DORA and SFDR: 2025 ESA Work Programme

The 2025 Joint Committee Work Programme of the European Supervisory Authorities (ESAs), released on 7 October 2024, introduces key updates focused on the implementation of the DORA and the ongoing advancements in the SFDR.

DORA and SFDR:  2025 ESA Work Programme



The 2025 Joint Committee Work Programme of the European Supervisory Authorities (ESAs), released on 7 October 2024, introduces key updates focused on the implementation of the Digital Operational Resilience Act (DORA) and the ongoing advancements in the Sustainable Finance Disclosure Regulation (SFDR). With DORA set to take effect in January 2025, the updates outline new measures for enhancing digital resilience, including ICT risk management and oversight of critical third-party providers. The SFDR updates focus on refining sustainability reporting through new technical standards for ESG rating disclosures and improved guidelines for Principal Adverse Impact (PAI) reporting. These updates reflect a concerted effort to strengthen both digital and sustainable finance infrastructures within the EU financial system.




Source

[1]

Joint Committee of the ESAs to focus on digital resilience and sustainability disclosures in 2025

[2]

ESMA 2025 Work Programme: Focus on key strategic priorities and implementation of new mandates



1. Digital Operational Resilience Act (DORA)


1.1 Overview of DORA


DORA, set to come into force in January 2025, focuses on strengthening the financial sector's digital operational resilience by ensuring that firms can withstand, respond to, and recover from ICT-related disruptions. This regulation applies to a wide range of financial entities, including banks, insurers, and investment firms, making it a cornerstone of the European Commission’s broader Digital Finance Package.
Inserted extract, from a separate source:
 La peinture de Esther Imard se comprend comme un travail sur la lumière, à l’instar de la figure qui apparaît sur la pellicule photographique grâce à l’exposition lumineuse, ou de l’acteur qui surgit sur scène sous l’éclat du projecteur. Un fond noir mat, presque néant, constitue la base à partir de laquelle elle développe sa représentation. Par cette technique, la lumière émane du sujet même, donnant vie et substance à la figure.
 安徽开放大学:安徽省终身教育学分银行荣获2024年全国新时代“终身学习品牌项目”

The ESAs play a central role in delivering the remaining policy mandates under DORA. By mid-January 2025, the ESAs will complete policy mandates including supervisory convergence, incident reporting frameworks, and cybersecurity coordination mechanisms. A key highlight is the development of a Threat Led Penetration Testing (TLPT) framework, designed to evaluate the robustness of financial entities in response to cyber threats.




1.2 EU-Wide Oversight Framework for Critical Third-Party Providers (CTPPs)
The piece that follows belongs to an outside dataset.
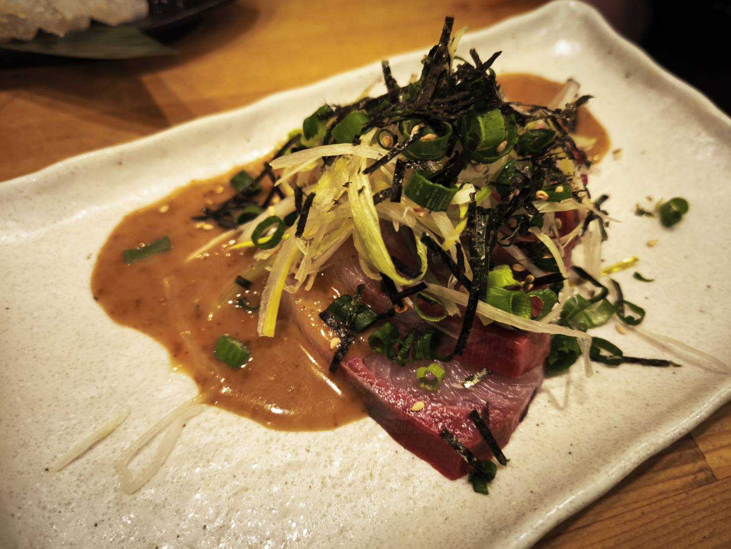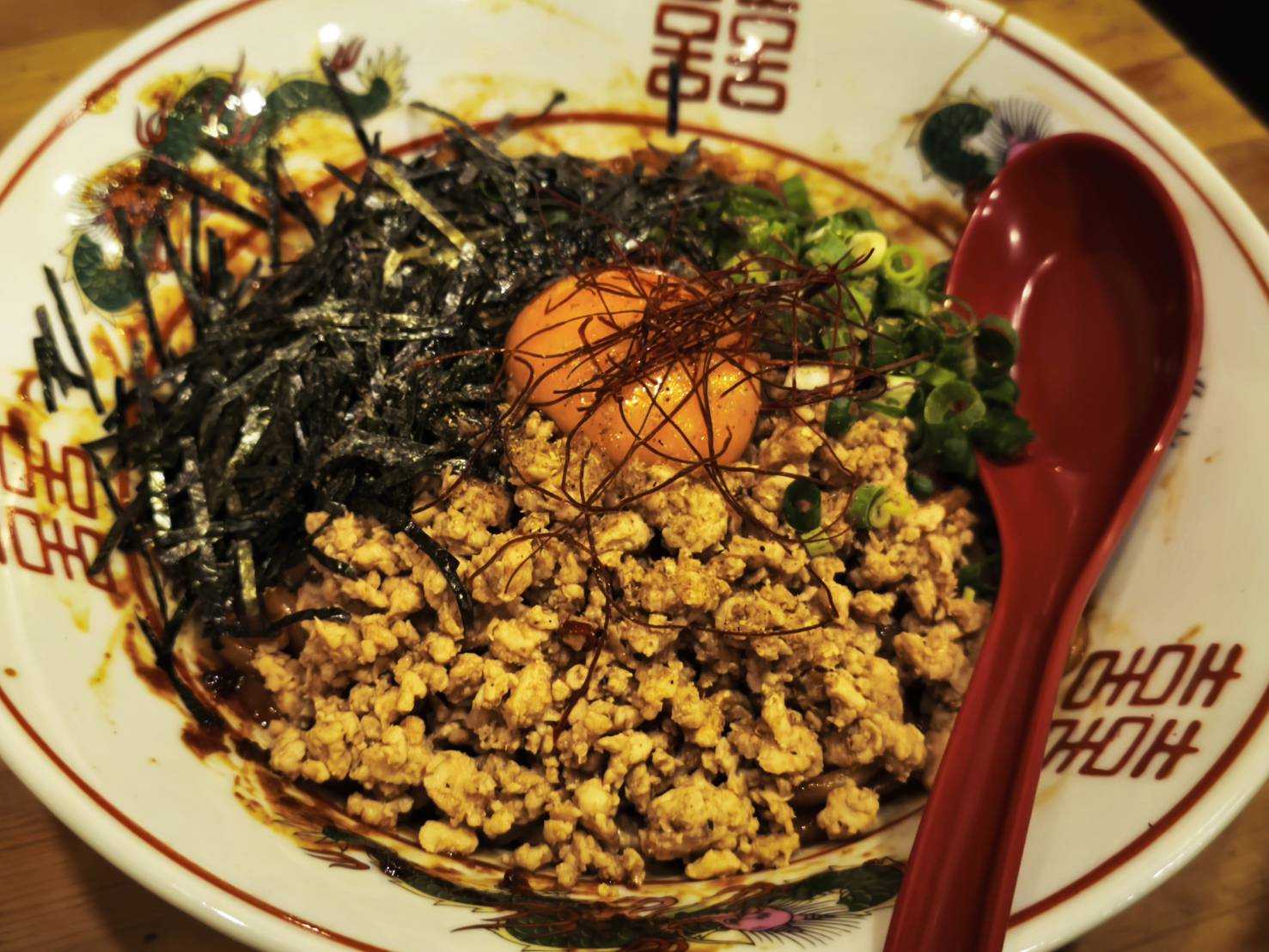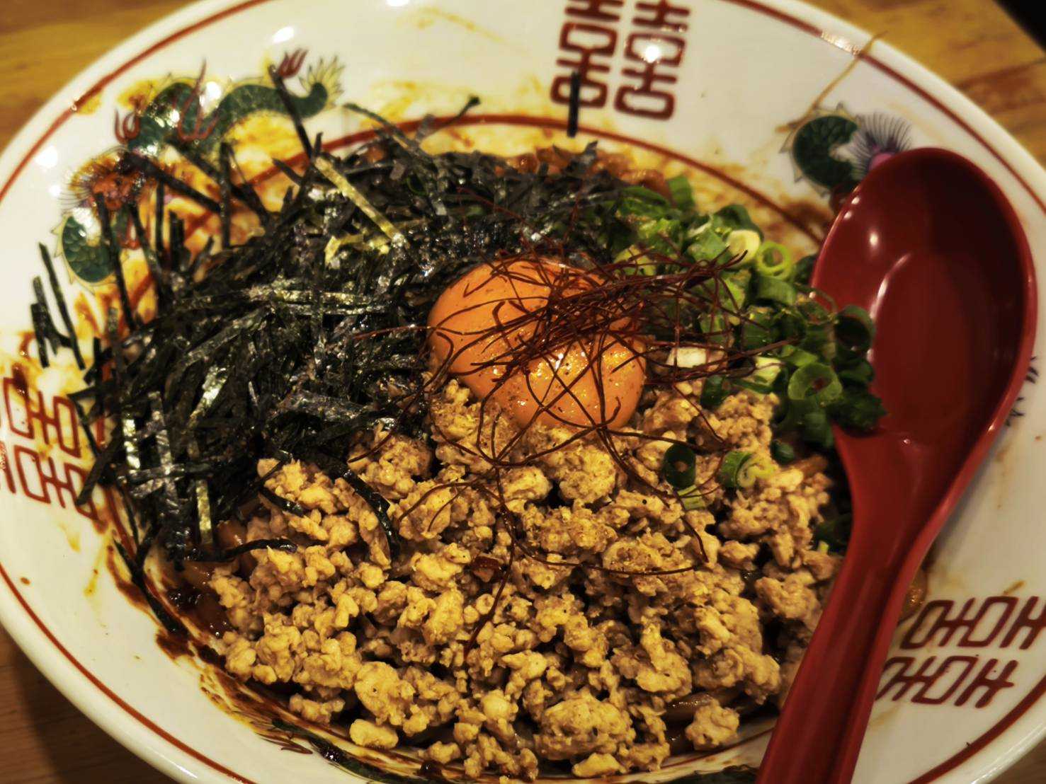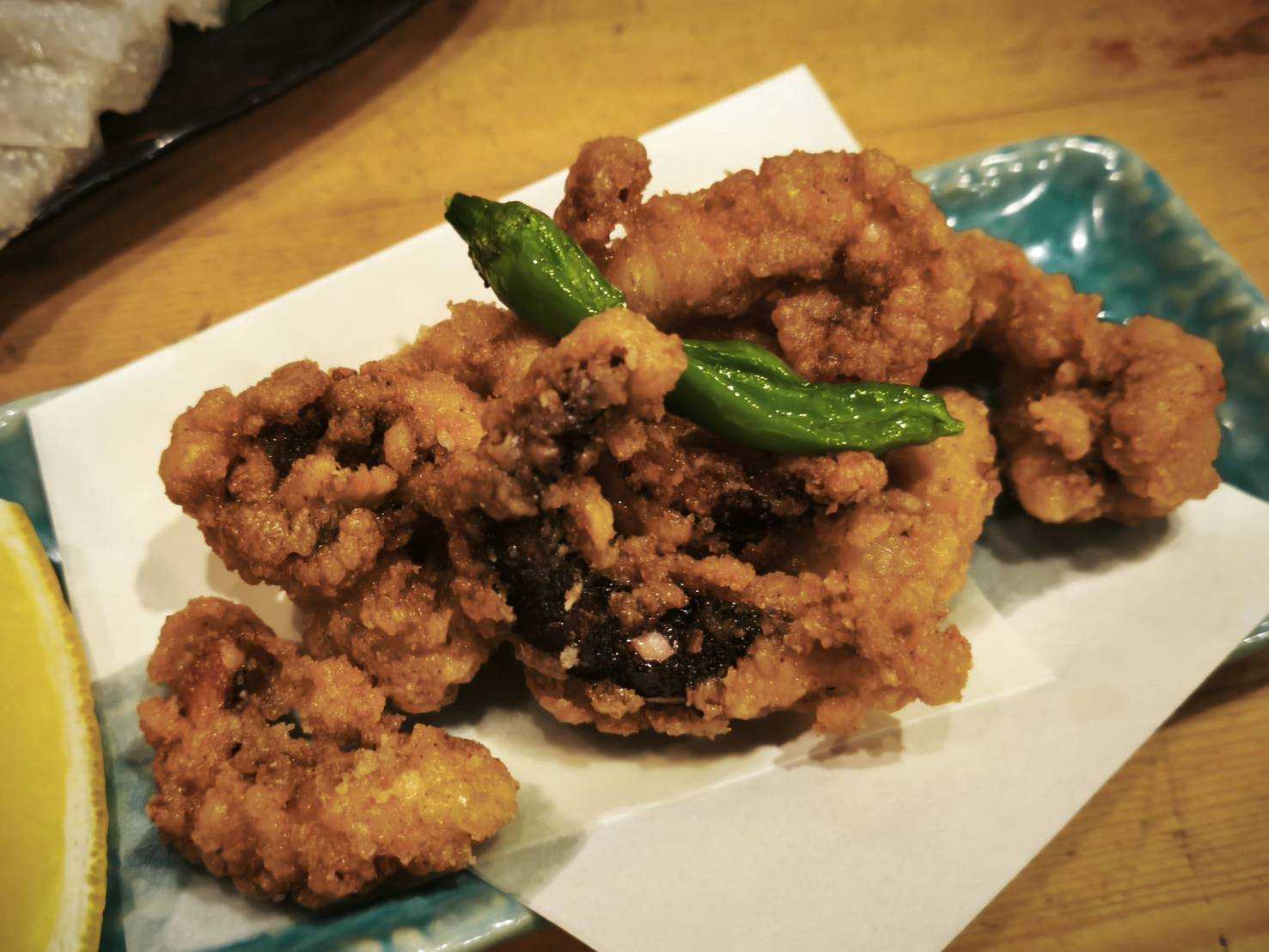 子持ちこんにゃくタコ唐揚げまぜそば青唐辛子と花山椒

One of the most notable aspects of DORA is the establishment of an EU-wide Oversight Framework for ICT third-party providers. This framework aims to mitigate the risk posed by third-party ICT providers (e.g., cloud services), who are increasingly integral to the operations of financial institutions. Under DORA, the ESAs will assume direct oversight responsibilities for designated Critical Third-Party Providers (CTPPs), initiating a new governance and oversight structure.


The oversight activities will encompass several critical tasks:


  • Designation of CTPPs: By early 2025, the ESAs will establish a joint oversight network to evaluate and designate key ICT service providers as critical.
  • Incident Reporting: A central component is the implementation of a centralized ICT incident reporting hub, designed to streamline the reporting and management of major ICT incidents. This infrastructure will be pivotal for both risk management and regulatory reporting purposes, ensuring that CTPPs are adequately monitored for compliance with the DORA framework.
  • EU Systemic Cyber Incident Coordination Framework (EU-SCICF): The ESAs, together with the European Systemic Risk Board (ESRB), will oversee the development of an incident coordination framework to manage systemic cyber incidents across the EU.



1.3 Supervisory Convergence and Risk Management


A primary goal of DORA is the harmonization of digital risk management across financial sectors. The ESAs will focus on supervisory convergence, helping national authorities align their approaches to DORA’s mandates. This involves issuing guidelines and Q&A documents, as well as encouraging cross-border collaboration for regulatory consistency.


The cyber incident coordination processes, along with threat-led penetration testing, aim to create a unified approach to ICT risk management across the EU financial system. This convergence ensures that not only large financial institutions but also smaller players maintain adequate digital resilience.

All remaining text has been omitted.